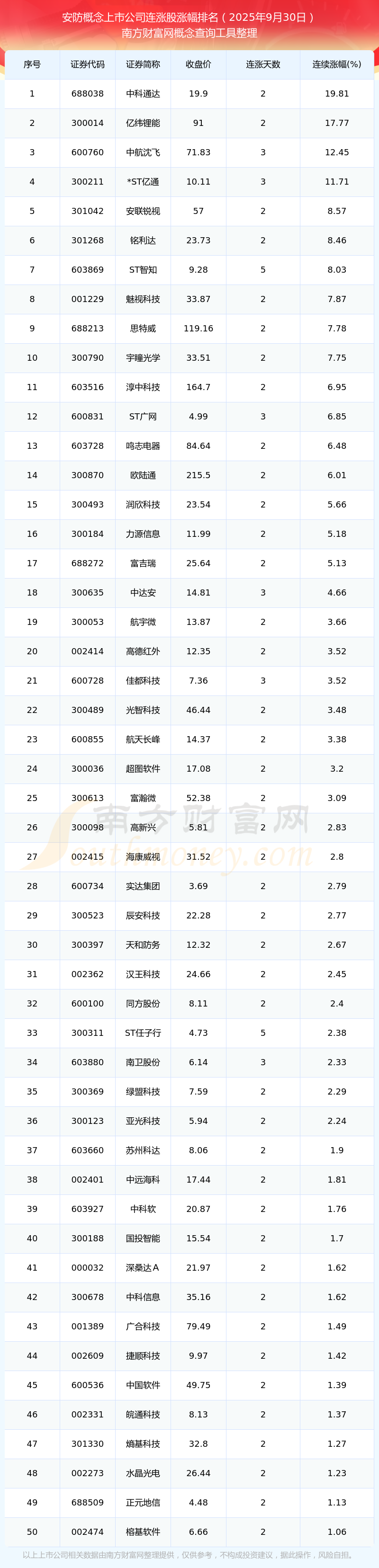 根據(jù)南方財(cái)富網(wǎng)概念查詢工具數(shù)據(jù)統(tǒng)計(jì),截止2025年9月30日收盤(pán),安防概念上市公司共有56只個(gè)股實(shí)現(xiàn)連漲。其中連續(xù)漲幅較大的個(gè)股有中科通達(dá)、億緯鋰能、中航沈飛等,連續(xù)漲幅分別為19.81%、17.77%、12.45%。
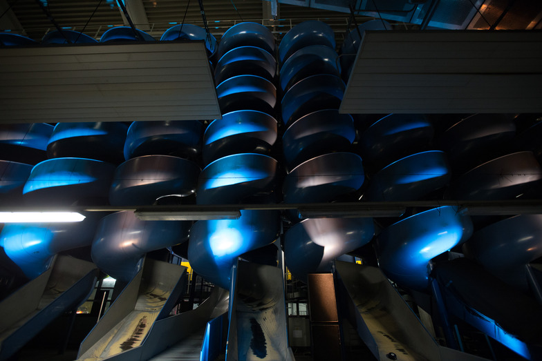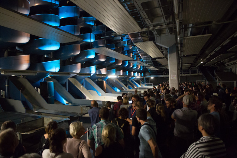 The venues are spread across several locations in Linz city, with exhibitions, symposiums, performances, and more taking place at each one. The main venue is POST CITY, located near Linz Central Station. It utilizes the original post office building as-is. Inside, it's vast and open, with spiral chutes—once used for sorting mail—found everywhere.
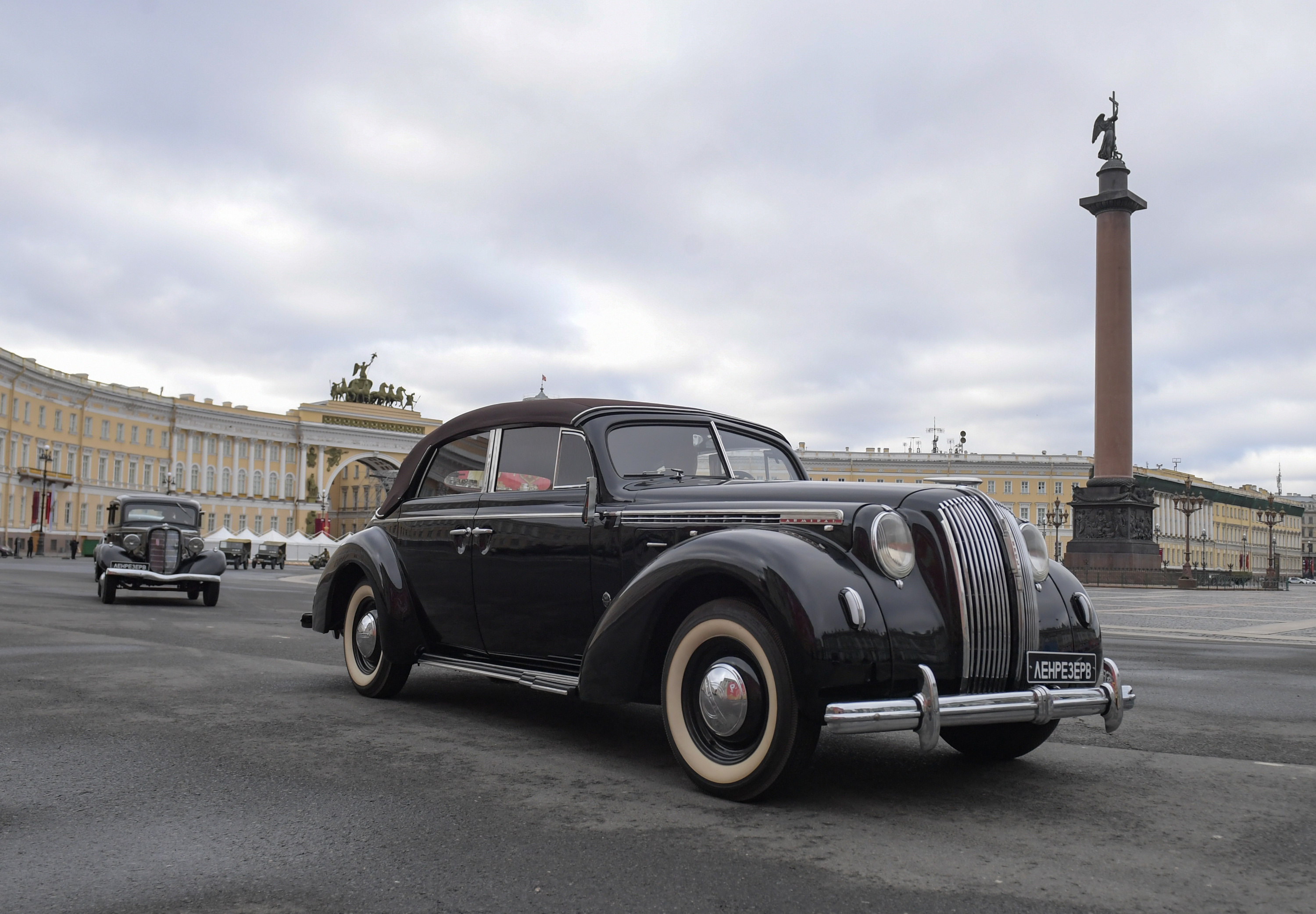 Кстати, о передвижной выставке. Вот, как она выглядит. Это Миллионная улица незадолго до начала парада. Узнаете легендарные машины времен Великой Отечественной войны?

• What is being asked: All of the data above should be printed again exactly, though none of the pictures belong in the copy.

• Task solution:
 根據(jù)南方財(cái)富網(wǎng)概念查詢工具數(shù)據(jù)統(tǒng)計(jì),截止2025年9月30日收盤(pán),安防概念上市公司共有56只個(gè)股實(shí)現(xiàn)連漲。其中連續(xù)漲幅較大的個(gè)股有中科通達(dá)、億緯鋰能、中航沈飛等,連續(xù)漲幅分別為19.81%、17.77%、12.45%。
 The venues are spread across several locations in Linz city, with exhibitions, symposiums, performances, and more taking place at each one. The main venue is POST CITY, located near Linz Central Station. It utilizes the original post office building as-is. Inside, it's vast and open, with spiral chutes—once used for sorting mail—found everywhere.
 Кстати, о передвижной выставке. Вот, как она выглядит. Это Миллионная улица незадолго до начала парада. Узнаете легендарные машины времен Великой Отечественной войны?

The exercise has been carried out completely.